::: RECORDS PROVIDED
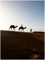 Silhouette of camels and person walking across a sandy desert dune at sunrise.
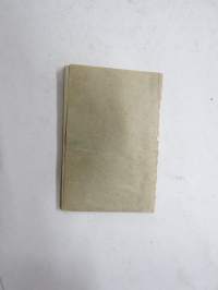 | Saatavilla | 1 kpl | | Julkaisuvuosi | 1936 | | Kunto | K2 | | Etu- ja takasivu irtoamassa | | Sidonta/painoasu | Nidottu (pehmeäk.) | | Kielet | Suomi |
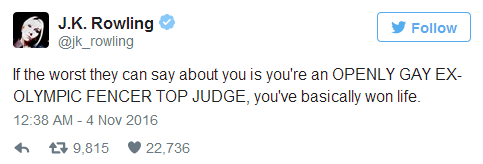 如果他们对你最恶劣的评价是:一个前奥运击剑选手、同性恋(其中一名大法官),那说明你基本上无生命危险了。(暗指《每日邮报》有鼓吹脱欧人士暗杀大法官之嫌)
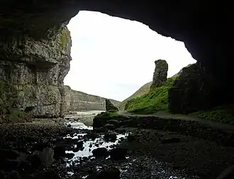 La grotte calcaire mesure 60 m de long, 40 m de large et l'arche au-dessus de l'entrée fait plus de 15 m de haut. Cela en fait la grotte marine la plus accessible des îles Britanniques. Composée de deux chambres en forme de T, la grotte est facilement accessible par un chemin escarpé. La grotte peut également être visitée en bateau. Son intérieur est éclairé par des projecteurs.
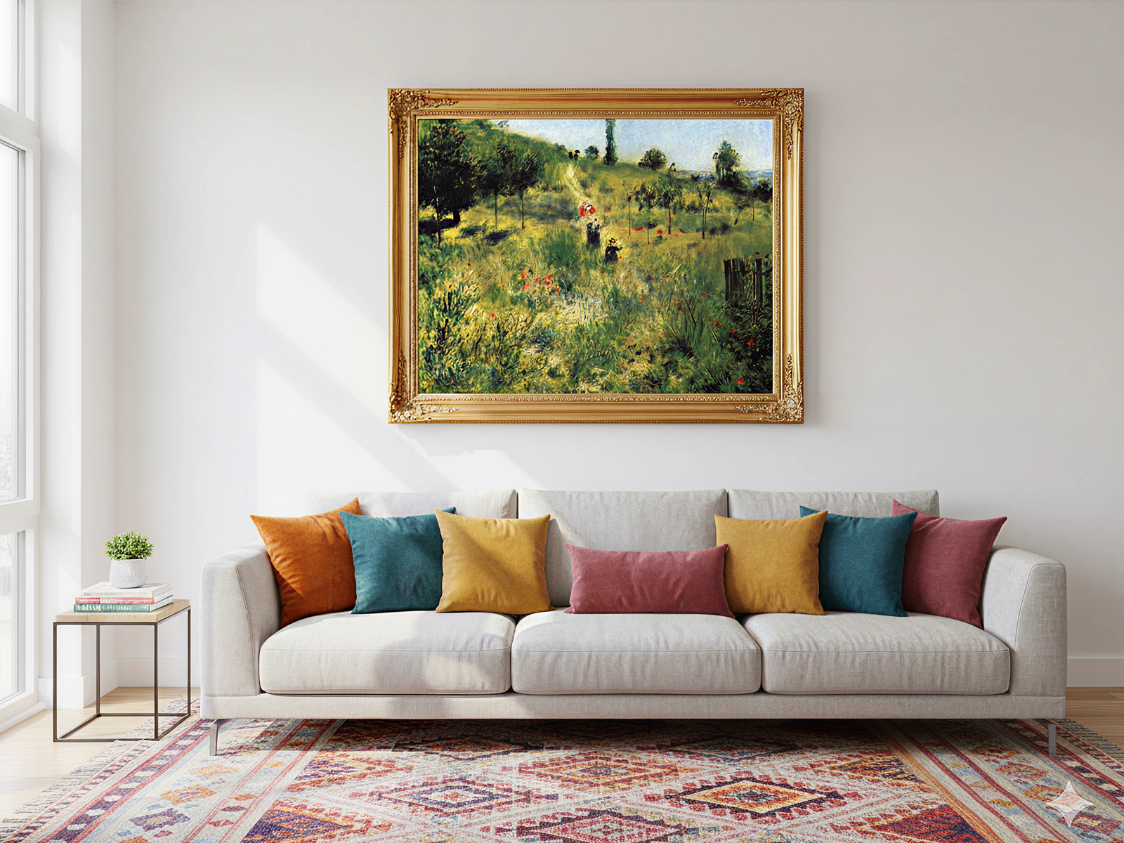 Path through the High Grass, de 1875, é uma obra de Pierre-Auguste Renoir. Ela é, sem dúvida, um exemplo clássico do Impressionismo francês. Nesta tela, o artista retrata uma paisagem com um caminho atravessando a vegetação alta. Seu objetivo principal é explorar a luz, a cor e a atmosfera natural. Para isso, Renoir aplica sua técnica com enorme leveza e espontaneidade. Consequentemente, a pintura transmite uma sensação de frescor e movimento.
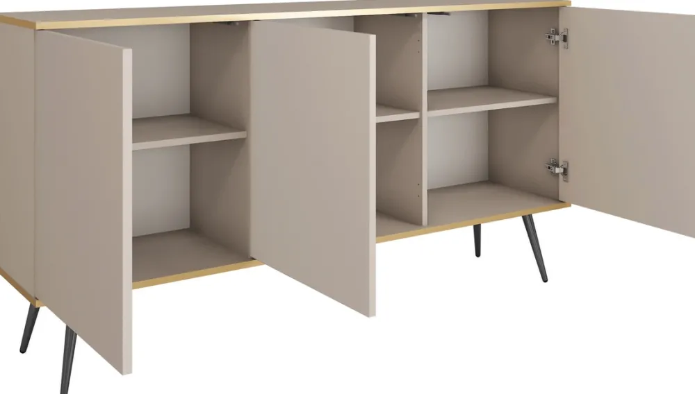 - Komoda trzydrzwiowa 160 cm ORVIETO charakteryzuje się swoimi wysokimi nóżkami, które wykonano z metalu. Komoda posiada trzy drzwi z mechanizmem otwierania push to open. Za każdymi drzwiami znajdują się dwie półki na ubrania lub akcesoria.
::::::
◆ **TASK**: Write out every record above exactly as it stands, but leave out the pictures.

◆ **RESULT OF THE EXERCISE**:
 Silhouette of camels and person walking across a sandy desert dune at sunrise.
 | Saatavilla | 1 kpl | | Julkaisuvuosi | 1936 | | Kunto | K2 | | Etu- ja takasivu irtoamassa | | Sidonta/painoasu | Nidottu (pehmeäk.) | | Kielet | Suomi |
 如果他们对你最恶劣的评价是:一个前奥运击剑选手、同性恋(其中一名大法官),那说明你基本上无生命危险了。(暗指《每日邮报》有鼓吹脱欧人士暗杀大法官之嫌)
 La grotte calcaire mesure 60 m de long, 40 m de large et l'arche au-dessus de l'entrée fait plus de 15 m de haut. Cela en fait la grotte marine la plus accessible des îles Britanniques. Composée de deux chambres en forme de T, la grotte est facilement accessible par un chemin escarpé. La grotte peut également être visitée en bateau. Son intérieur est éclairé par des projecteurs.
 Path through the High Grass, de 1875, é uma obra de Pierre-Auguste Renoir. Ela é, sem dúvida, um exemplo clássico do Impressionismo francês. Nesta tela, o artista retrata uma paisagem com um caminho atravessando a vegetação alta. Seu objetivo principal é explorar a luz, a cor e a atmosfera natural. Para isso, Renoir aplica sua técnica com enorme leveza e espontaneidade. Consequentemente, a pintura transmite uma sensação de frescor e movimento.
 - Komoda trzydrzwiowa 160 cm ORVIETO charakteryzuje się swoimi wysokimi nóżkami, które wykonano z metalu. Komoda posiada trzy drzwi z mechanizmem otwierania push to open. Za każdymi drzwiami znajdują się dwie półki na ubrania lub akcesoria.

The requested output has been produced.